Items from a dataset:
• • • •

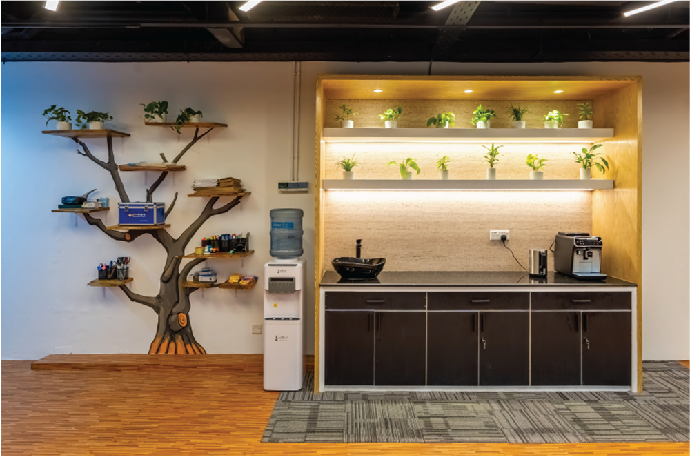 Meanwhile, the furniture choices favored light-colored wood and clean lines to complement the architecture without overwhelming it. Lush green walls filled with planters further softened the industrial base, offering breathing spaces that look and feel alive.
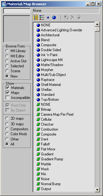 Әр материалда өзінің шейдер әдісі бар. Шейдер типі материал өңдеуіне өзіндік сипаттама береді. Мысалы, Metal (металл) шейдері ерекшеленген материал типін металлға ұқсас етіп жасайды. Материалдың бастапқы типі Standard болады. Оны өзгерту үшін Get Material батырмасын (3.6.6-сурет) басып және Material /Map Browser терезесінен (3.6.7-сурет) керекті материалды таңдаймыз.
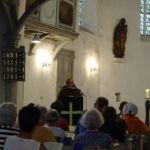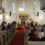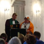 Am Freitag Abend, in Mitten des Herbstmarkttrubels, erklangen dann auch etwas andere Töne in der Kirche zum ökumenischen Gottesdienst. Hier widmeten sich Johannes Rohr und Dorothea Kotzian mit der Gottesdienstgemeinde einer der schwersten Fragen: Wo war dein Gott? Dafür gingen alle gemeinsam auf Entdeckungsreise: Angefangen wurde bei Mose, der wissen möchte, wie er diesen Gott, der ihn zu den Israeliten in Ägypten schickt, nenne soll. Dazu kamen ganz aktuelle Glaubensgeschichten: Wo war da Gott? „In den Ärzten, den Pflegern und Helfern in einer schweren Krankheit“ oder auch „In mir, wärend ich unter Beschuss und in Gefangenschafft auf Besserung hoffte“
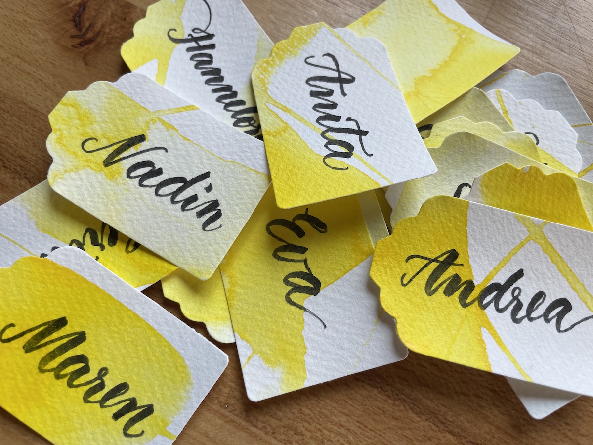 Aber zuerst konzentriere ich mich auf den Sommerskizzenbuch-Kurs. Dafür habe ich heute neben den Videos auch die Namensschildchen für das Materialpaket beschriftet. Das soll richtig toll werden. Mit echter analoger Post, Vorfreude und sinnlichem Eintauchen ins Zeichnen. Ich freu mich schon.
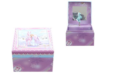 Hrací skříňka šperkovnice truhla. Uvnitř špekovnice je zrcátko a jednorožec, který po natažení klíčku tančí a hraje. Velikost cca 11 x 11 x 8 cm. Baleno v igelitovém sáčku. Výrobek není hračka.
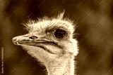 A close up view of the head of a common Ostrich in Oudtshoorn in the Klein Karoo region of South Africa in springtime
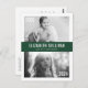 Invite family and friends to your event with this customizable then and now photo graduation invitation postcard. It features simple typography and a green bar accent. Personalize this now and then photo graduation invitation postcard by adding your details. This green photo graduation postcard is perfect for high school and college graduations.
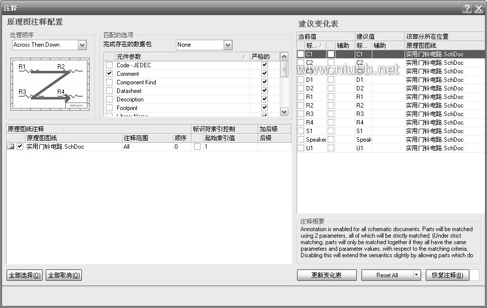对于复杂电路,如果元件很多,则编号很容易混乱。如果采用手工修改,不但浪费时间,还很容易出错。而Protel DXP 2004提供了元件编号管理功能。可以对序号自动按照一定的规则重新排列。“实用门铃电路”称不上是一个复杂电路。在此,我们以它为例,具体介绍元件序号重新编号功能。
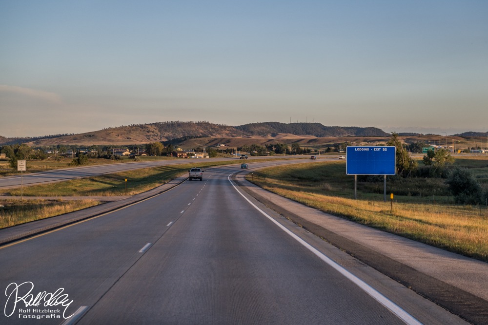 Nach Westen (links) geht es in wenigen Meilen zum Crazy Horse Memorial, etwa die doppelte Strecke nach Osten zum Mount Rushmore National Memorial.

• • • •

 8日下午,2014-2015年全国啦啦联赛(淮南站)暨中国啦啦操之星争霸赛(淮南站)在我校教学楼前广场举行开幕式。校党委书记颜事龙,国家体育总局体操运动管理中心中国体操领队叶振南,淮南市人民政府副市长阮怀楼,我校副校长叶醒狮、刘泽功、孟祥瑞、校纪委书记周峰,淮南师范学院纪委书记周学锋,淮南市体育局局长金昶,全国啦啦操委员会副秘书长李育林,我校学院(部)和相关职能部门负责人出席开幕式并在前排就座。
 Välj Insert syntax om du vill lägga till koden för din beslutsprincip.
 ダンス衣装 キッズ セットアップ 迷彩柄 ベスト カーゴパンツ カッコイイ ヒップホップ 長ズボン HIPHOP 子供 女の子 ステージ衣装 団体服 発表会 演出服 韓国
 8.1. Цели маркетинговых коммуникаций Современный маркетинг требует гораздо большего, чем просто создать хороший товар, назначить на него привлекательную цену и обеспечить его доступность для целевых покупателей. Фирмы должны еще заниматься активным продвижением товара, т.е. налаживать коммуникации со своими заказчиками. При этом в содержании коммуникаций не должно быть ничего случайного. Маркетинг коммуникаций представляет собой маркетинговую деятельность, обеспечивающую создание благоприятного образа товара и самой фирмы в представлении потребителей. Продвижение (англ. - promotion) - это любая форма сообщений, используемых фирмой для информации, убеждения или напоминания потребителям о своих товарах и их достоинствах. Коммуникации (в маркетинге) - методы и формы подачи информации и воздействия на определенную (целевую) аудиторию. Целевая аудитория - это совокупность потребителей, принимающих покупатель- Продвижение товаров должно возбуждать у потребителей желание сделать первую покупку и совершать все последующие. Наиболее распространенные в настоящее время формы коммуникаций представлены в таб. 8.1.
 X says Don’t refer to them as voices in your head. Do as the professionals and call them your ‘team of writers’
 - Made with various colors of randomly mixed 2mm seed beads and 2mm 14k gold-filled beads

• • • •

**REQUIRED WORK**
Taking the entries above, write out exactly the lines starting with the line containing "X says Don’t" and going on through the line containing "- Made with", both included, and nothing else.

**SOLUTION TO THIS TASK**
 X says Don’t refer to them as voices in your head. Do as the professionals and call them your ‘team of writers’
 - Made with various colors of randomly mixed 2mm seed beads and 2mm 14k gold-filled beads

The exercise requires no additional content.